霽明琰欲言又止,哽咽道:“父皇昏倒後,兒臣馬上詢問王公公今天膳食,結果他說您今日身子不爽,尚水米未進,唯一服用的就是國師所制仙丹。兒臣已經著岑晚去拿國師,父皇放心,定不放過那奸人。”

*

國師府

岑晚與薛寒星率領兩隊鐵翼騎將之層層包圍,公叔研聽罷控訴,只覺得天旋地轉,他確實有逐漸增加丹藥中致幻成分的量,卻絕不至此,最多叫昭帝對他更加依賴而已。

“我要去見陛下,呈給陛下的仙丹絕對沒有問題,除非有人動了手腳!”即便被押解,公叔研依舊不卑不亢,信心十足。

“自然會給你辯解的機會,不過現在怕是要冒犯了。”薛寒星手向前一揮,“搜!”

一聲令下,鐵翼騎魚貫而入,國師似乎想到什麽,臉色變得難看了不少。

岑晚不予理會,於前庭踱步。

這是他首次來到國師府,這架勢絲毫不輸親王王府。走到一棵梨花樹前,一只紫藍金剛鸚鵡落在金枝棲杠上,羽毛自上而下由克萊因藍過渡至紫色,惹得岑晚忍不住伸手摸了兩下。

“狗皇帝,去死!狗皇帝,去死!”

鸚鵡突然開了口,岑晚撫摸的動作被突如其來的自爆打斷,怔楞片刻,扭過頭看向一臉崩潰的公叔研,微笑道:“看來馬車是不必了,還好囚車我們也備了。”
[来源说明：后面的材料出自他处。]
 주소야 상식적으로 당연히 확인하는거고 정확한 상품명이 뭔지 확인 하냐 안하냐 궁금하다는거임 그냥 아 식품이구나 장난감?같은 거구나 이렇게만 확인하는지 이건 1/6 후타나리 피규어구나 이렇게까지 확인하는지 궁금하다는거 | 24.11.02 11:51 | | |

公叔研死死盯著那鸚鵡,突然大吼:“這不是我的鳥!我沒說過、唔——”

不等他說完,一只手從他身後將一塊抹布塞進公叔研口中,是祝昂然。

“鐵證如山,大人快進宮覆命吧。”

最終公叔研也沒能再見昭帝一面,代替他的是那只金剛鸚鵡與在國師府搜出的種種罪證。

聽罷鸚鵡的學舌,昭帝面上的肌肉都在發抖,雙目赤紅,直恨不得手刃公叔研。當看到公叔研與純貴妃私相授受的信件時,昭帝兩眼翻白,氣昏過去。
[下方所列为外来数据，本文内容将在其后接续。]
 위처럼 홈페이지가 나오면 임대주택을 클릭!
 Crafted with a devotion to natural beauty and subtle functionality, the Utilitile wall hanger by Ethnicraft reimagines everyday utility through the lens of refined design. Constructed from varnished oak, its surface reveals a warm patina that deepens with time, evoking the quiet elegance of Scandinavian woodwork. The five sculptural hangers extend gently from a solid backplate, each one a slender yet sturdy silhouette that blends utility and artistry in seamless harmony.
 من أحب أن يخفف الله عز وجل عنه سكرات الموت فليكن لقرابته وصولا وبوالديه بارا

太醫看罷,也只是沖著霽明琰搖搖頭,“陛下先前是中毒之癥,體內臟腑脆弱不堪,如今又怒急攻心,微臣無能,只怕即便保住性命,陛下也再難離開床榻。”

在岑晚示意下,霽明琰跟隨他來到外殿。

“看陛下的癥狀,似乎是紅丹中毒,姐姐你有什麽頭緒嗎?”在霽朝,鉛丹被稱為紅丹,一般人都尚不知曉其毒性,許多民間方士以此煉藥,坑害百姓無數。而其中厲害,還是岑晚這兩年打擊迷信邪說,告知霽明琰的。

說話間,岑晚看向霽明琰塗滿紅色蔻丹的指甲。

偏巧岑晚曾懷疑過國師丹藥的成分,其中並無鉛丹,看來他也懂鉛丹的害處,在依賴昭帝維持自己地位的現在,他沒理由毒害昭帝。

霽明琰偏過頭去,右手蜷起收入袖中,遮蓋住了指甲內的一抹橙紅,“他畢竟是你生身父親,我怕你不忍。”
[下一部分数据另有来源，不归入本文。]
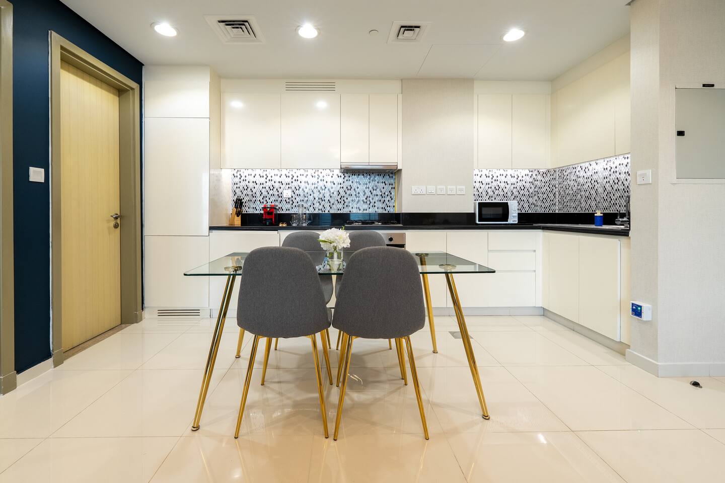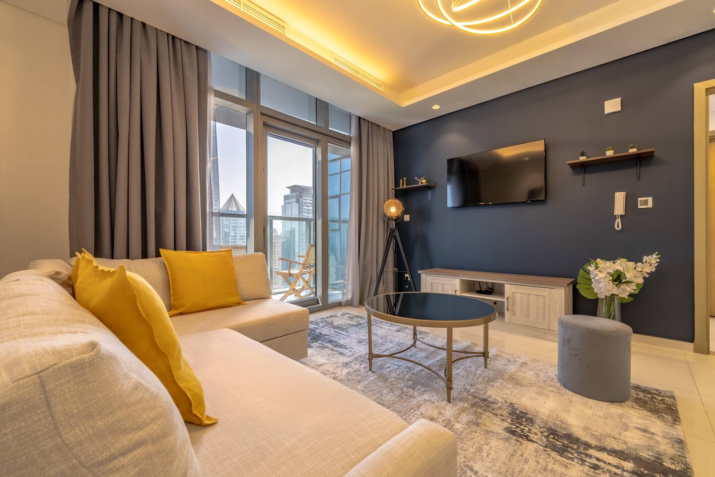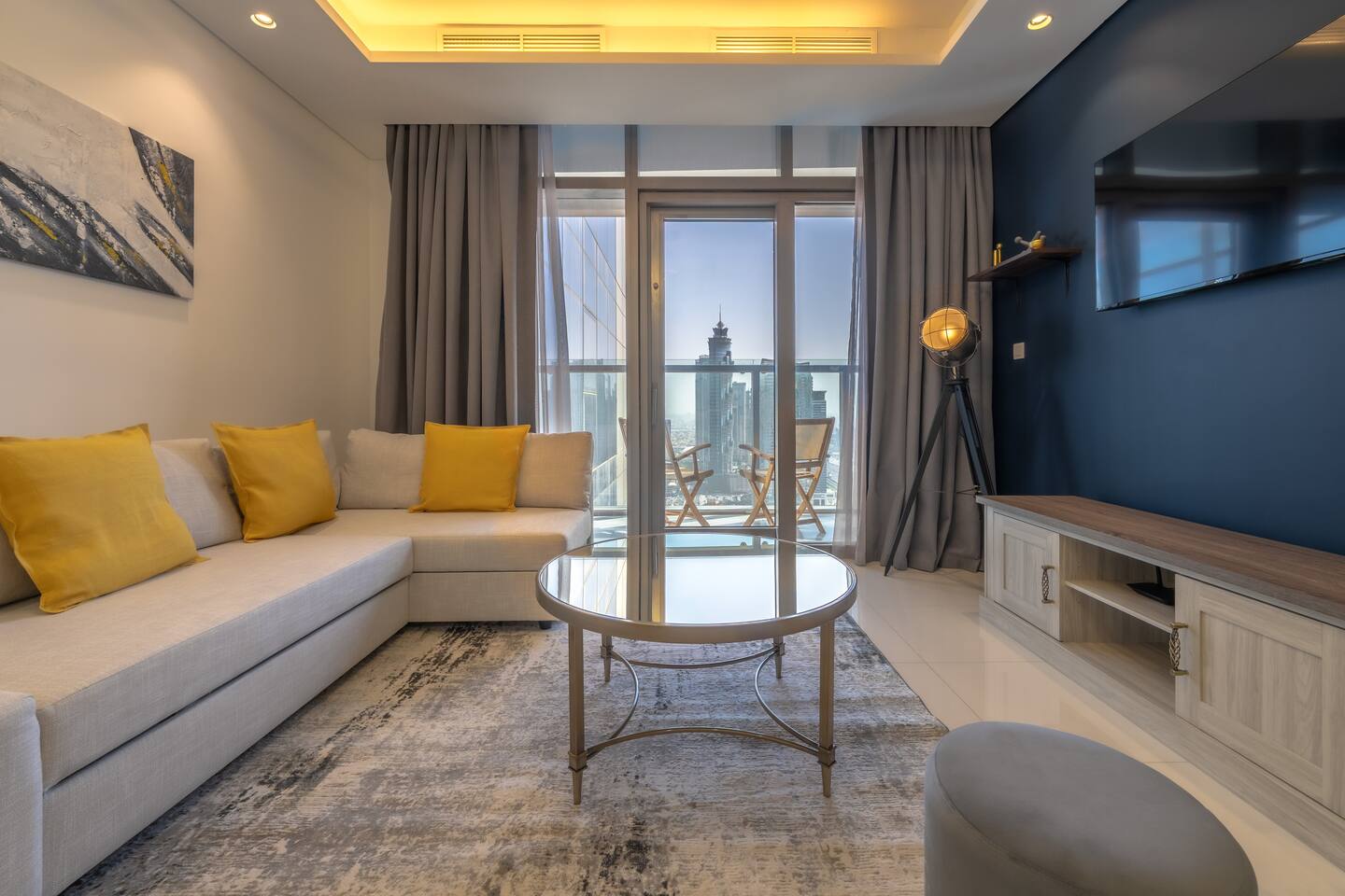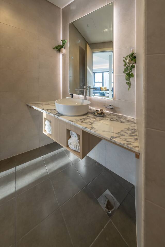 → Enter the lobby of this movie inspired building and you’ll be greeted with a fresh fragrant aroma, a scent of Hollywood and a concierge staff that is head over heels ready to help you. → You'll step into a bright, magical and modern home. There’s a TV to watch your all your favourite movies and a comfy king size bed to melt into. → Sure, there's nothing quite like a home cooked meal so there’s a stocked kitchen for you to cook whatever your heart desires. But, don’t feel like cooking? Indulge your senses in the five different restaurants and lounges available - A new culinary experience every day. → Spend the day exploring the heart of Dubai with Burj Khalifa and Dubai mall only a few minutes away. → When it’s time to relax, jump up to the 64th floor where you’ll be met with a stunning swimming pool that has a 360 view of Dubai. → Enjoy a swim or sit back with some food and drinks from the rooftop restaurant while gazing at the Burj and the beach! *** Be warned! Hazards of jaws dropping! Be sure not to miss out on the sunset and watch the night come to life. *** This apartment has everything you need to have a nice comfortable stay. From a huge sofa to a stocked kitchen. A free gym to have a work out to a desk to get some work done. ***Take advantage of the exclusive 20% off you’ll get at all restaurants, lounges, cafés in the building… and even the spa.***

岑晚能夠理解霽明琰心中顧慮,自古多少英雄敗在血緣之下,謀權之事由不得半點心軟。

“作為補償,姐姐將國師交予我處理如何?”

霽明琰淺淺松了口氣,輕笑道:“自然,任你發落。”

今天,還長。

霽明琰轉身,調整了一下自己的表情,回到昭帝寢殿。

“父皇……”霽明琰聲音顫抖,聽得昭帝也一震。

“朕的身體怎麽了?朕——”腹部劇痛叫昭帝說不出話。

霽明琰急忙上前去,撲倒在昭帝床邊,將剛剛太醫說過的話添油加醋轉述給昭帝。

一番痛苦折磨過後,昭帝終於冷靜下來:“琰兒,你到禦書房,將房內牌匾後的聖旨為朕取來。”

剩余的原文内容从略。